__Data records__.

((

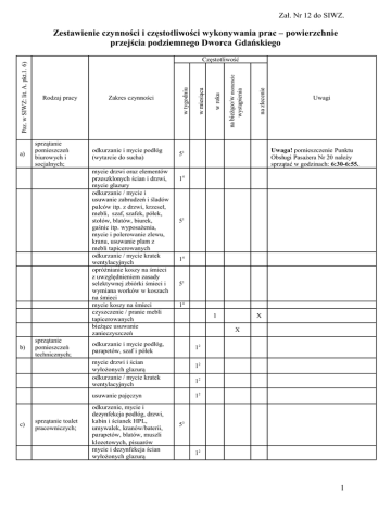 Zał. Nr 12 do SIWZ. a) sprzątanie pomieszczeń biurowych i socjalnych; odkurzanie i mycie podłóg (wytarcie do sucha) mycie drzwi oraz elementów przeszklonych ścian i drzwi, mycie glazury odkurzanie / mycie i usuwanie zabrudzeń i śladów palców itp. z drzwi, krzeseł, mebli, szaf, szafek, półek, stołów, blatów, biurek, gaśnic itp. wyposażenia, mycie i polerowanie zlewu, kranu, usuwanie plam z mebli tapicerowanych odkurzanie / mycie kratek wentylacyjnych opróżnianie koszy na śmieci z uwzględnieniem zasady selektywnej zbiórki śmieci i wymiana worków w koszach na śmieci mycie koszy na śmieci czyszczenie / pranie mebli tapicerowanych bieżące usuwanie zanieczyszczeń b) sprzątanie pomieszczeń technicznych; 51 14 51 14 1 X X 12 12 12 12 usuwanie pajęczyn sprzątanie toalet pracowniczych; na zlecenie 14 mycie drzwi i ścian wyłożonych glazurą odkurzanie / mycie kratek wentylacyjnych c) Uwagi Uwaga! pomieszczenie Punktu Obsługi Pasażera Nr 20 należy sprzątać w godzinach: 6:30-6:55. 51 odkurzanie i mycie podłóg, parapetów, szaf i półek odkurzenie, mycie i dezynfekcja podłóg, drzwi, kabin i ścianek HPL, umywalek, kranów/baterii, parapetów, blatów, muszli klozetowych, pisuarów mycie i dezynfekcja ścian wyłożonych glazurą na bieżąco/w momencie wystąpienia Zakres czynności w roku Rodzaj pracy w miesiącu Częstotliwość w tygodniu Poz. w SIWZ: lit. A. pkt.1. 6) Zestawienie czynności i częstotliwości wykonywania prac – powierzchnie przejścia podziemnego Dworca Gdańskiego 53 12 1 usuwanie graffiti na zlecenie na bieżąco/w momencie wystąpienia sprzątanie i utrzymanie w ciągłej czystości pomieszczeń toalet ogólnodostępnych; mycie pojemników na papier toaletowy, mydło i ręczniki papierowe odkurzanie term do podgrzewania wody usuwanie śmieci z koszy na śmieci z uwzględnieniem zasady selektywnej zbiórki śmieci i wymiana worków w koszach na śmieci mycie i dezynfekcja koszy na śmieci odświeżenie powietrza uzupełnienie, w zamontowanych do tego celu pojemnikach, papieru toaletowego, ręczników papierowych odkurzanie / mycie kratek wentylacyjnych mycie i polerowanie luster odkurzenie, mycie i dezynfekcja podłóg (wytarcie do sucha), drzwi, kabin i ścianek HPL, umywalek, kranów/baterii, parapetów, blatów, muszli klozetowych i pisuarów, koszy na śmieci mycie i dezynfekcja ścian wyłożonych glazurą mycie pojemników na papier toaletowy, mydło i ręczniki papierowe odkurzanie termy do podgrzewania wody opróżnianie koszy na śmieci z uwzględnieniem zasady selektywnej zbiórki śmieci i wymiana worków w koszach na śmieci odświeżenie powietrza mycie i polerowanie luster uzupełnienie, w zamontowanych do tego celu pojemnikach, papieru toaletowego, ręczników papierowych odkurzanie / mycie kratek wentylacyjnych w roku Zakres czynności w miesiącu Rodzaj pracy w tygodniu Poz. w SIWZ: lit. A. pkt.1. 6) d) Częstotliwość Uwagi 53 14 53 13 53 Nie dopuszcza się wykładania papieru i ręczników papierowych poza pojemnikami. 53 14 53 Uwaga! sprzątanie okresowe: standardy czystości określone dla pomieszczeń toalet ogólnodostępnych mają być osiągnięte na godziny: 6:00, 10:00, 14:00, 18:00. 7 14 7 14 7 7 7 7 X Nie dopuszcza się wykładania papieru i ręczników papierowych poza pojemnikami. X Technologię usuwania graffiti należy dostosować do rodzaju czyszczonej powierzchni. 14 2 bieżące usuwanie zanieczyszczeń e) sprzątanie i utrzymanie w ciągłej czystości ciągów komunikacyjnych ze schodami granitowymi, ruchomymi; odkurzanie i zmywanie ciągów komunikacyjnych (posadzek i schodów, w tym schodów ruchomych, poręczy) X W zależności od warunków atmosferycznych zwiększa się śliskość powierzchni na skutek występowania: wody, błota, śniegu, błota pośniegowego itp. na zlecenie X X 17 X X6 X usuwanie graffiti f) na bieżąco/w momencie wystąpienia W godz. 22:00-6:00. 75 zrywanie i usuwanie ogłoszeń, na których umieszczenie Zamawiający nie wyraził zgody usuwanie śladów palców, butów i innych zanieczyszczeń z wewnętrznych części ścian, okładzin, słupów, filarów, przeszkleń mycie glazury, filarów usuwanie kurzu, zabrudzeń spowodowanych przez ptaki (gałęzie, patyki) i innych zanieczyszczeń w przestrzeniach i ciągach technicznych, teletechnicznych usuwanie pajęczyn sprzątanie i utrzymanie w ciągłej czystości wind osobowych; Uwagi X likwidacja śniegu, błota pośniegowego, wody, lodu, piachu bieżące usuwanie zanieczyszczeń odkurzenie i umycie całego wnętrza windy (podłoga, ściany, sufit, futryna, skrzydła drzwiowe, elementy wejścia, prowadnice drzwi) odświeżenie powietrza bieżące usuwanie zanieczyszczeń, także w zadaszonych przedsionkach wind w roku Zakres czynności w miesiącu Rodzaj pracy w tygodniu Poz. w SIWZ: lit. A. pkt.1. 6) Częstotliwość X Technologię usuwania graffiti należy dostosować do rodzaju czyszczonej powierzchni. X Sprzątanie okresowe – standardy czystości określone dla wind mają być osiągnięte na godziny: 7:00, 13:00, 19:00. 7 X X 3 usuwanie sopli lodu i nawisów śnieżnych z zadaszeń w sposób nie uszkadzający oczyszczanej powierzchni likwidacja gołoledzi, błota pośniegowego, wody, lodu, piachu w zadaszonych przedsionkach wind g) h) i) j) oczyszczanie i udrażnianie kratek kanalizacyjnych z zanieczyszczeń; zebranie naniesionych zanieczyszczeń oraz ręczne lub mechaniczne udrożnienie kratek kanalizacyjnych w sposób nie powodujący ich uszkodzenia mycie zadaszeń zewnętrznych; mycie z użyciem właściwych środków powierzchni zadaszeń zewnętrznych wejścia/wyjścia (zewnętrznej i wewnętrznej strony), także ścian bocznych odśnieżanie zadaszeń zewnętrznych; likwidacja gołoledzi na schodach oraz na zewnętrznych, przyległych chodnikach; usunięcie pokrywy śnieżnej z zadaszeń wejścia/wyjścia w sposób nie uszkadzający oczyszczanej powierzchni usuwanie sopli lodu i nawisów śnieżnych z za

))
((

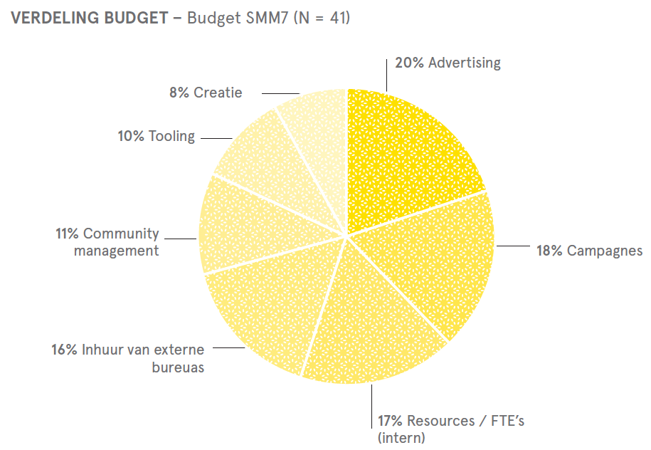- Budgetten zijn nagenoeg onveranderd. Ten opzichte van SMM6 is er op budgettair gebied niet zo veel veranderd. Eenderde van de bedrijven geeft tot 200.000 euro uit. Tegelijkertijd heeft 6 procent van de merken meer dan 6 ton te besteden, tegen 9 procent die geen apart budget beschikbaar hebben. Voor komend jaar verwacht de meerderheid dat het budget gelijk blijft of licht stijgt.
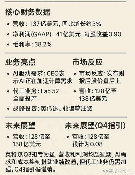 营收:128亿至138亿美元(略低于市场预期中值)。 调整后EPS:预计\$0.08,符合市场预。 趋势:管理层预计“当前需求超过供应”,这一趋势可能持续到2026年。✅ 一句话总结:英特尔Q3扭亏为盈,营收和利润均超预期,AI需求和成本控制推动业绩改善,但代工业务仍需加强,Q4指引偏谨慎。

))
((

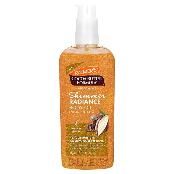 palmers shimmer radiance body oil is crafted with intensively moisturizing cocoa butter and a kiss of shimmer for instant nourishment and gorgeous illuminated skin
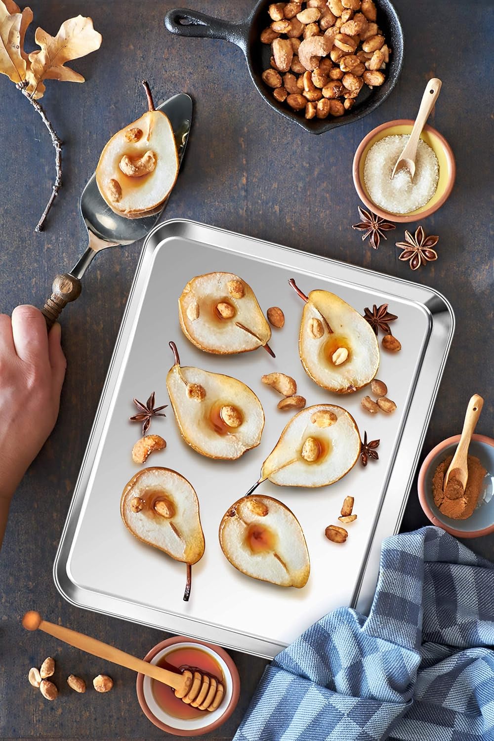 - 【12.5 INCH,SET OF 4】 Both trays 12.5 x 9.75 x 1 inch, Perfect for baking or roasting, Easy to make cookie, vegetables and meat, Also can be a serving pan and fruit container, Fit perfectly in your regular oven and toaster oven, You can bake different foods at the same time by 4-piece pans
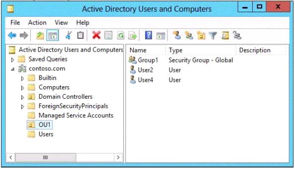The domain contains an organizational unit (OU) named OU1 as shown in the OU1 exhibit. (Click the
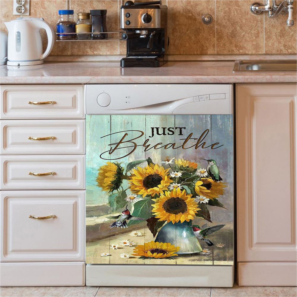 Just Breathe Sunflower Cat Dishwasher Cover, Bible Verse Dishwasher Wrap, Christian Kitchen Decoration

))

__Problem description__. Give back the exact lines above, running from the one that has "palmers shimmer radiance" through the one that has "Just Breathe Sunflower", with nothing added and no pictures.

__Problem solution__.
 palmers shimmer radiance body oil is crafted with intensively moisturizing cocoa butter and a kiss of shimmer for instant nourishment and gorgeous illuminated skin
 - 【12.5 INCH,SET OF 4】 Both trays 12.5 x 9.75 x 1 inch, Perfect for baking or roasting, Easy to make cookie, vegetables and meat, Also can be a serving pan and fruit container, Fit perfectly in your regular oven and toaster oven, You can bake different foods at the same time by 4-piece pans
The domain contains an organizational unit (OU) named OU1 as shown in the OU1 exhibit. (Click the
 Just Breathe Sunflower Cat Dishwasher Cover, Bible Verse Dishwasher Wrap, Christian Kitchen Decoration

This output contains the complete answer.